An Affair to Remember is a 1957 American romance film directed by Leo McCarey and starring Cary Grant and Deborah Kerr. Filmed in CinemaScope, it was distributed by 20th Century Fox. It is considered among the most romantic films ever according to the American Film Institute. The film was a remake of McCarey's 1939 film Love Affair, starring Irene Dunne and Charles Boyer.

==Plot==

Nickie Ferrante, a well-known playboy, meets Terry McKay aboard the transatlantic ocean liner en route from Europe to New York. Each is romantically involved with someone else. After a series of meetings aboard the ship, they establish a friendship.

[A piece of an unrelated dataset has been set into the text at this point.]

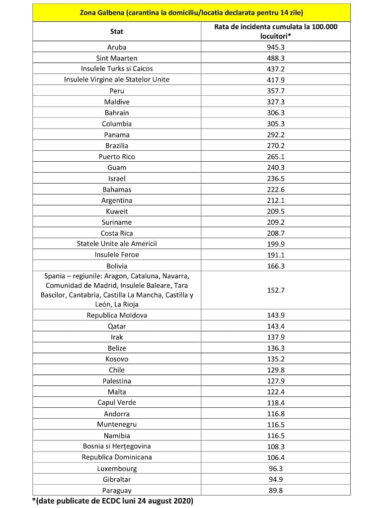 Comitetul Național pentru Situații de Urgență a aprobat noua listă propusă de Institutul Național de Sănătate Publică, a ţărilor pentru care se instituie măsura carantinei pentru persoanele care sosesc în România din zonele respective, considerate cu risc epidemiologic ridicat.
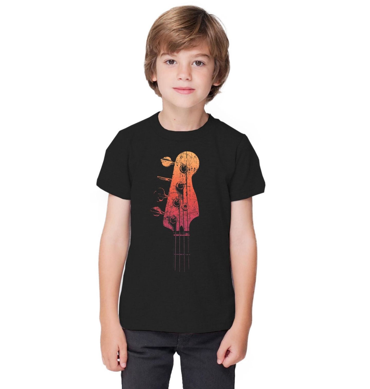 Dětské tričko Krk Kytary. Minimalistický, ale výrazný motiv zachycuje detail hlavy a krku elektrické kytara v retro barevném přechodu od žluté po červenou. Syrová textura a lehce vintage efekt dodávají designu autentickou atmosféru koncertního pódia a podtrhují energii, kterou přináší rock and roll.

When Terry joins Nickie on a brief visit to his grandmother Janou while the ship is anchored near her home at Villefranche-sur-Mer on the Mediterranean coast, she sees Nickie with new eyes and their feelings become deeper. During their visit, Janou tells Terry that Nickie is a talented painter but destroys most of his paintings because they do not meet his standards. As the ship returns to New York City, they agree to reunite at the top of the Empire State Building in six months' time if they have succeeded in ending their relationships and starting new careers.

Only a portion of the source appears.